Stored items

::::

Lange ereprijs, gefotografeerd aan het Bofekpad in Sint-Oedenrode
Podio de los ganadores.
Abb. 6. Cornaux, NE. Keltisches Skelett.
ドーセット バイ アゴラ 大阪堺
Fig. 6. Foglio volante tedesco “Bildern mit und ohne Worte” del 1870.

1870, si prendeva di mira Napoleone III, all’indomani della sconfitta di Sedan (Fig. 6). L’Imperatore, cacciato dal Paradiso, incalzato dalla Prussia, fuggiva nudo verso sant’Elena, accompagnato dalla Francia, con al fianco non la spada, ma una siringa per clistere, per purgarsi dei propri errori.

::::

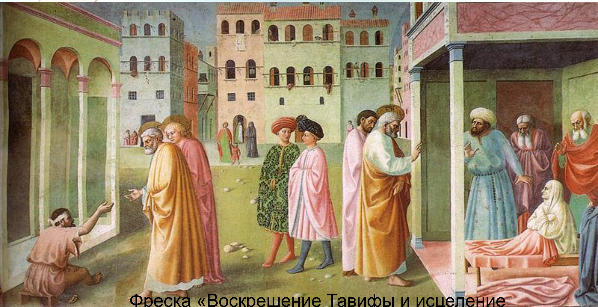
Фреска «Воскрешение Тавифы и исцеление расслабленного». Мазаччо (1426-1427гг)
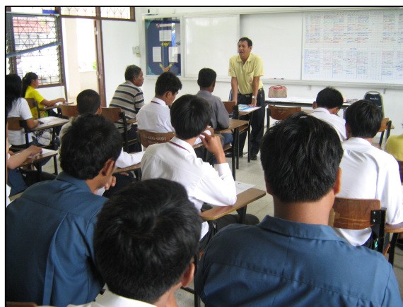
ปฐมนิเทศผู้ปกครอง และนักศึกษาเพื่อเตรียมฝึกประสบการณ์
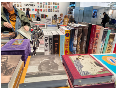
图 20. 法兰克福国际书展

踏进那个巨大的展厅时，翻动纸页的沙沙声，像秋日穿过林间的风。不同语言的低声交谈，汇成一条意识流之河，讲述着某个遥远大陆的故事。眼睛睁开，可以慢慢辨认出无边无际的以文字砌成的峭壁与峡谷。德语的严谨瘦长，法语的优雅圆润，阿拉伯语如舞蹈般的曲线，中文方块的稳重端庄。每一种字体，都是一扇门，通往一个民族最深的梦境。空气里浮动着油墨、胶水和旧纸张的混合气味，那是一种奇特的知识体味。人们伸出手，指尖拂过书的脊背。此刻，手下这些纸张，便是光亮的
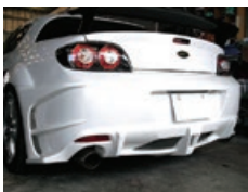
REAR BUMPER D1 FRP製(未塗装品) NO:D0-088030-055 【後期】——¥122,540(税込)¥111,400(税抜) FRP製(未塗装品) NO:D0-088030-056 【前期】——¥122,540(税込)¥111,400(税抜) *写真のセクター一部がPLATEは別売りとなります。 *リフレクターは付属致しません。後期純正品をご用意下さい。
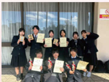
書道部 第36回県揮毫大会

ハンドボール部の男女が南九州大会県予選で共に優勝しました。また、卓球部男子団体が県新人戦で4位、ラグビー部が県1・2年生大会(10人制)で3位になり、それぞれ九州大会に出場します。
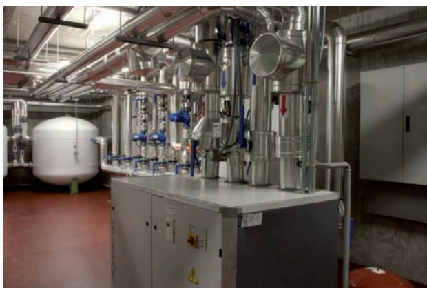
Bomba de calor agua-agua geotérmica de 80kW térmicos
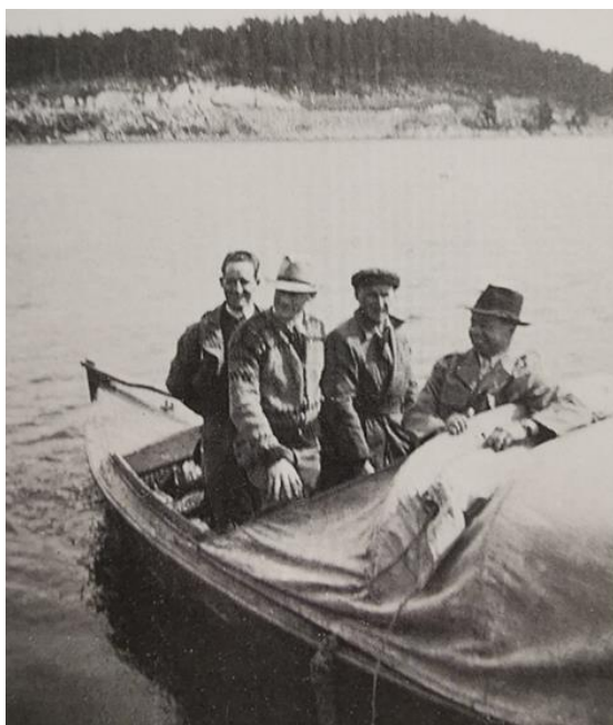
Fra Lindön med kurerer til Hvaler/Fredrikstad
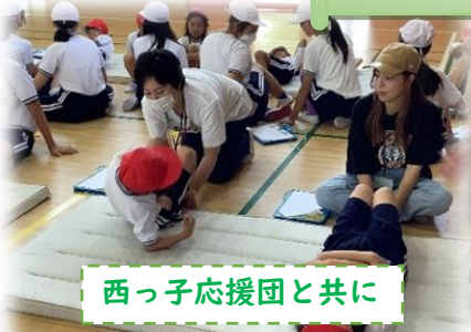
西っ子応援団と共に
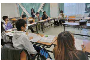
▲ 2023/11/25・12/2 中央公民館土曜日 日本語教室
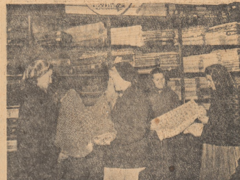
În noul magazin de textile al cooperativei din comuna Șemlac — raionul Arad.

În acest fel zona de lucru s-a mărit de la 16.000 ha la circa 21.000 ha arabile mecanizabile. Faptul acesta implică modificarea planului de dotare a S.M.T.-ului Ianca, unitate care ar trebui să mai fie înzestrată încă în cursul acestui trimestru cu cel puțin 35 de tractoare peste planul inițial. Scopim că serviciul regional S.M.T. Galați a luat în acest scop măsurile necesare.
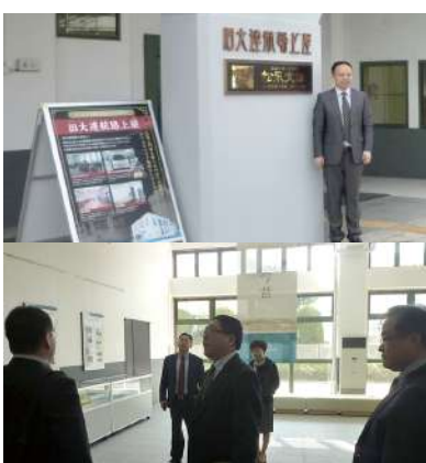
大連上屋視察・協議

::::

• Assignment: From the data above, reproduce word for word the lines running from the line with "Lange ereprijs, gefotografeerd" to the line with "Fig. 6. Foglio", ends included.

• Answer to this problem:
Lange ereprijs, gefotografeerd aan het Bofekpad in Sint-Oedenrode
Podio de los ganadores.
Abb. 6. Cornaux, NE. Keltisches Skelett.
ドーセット バイ アゴラ 大阪堺
Fig. 6. Foglio volante tedesco “Bildern mit und ohne Worte” del 1870.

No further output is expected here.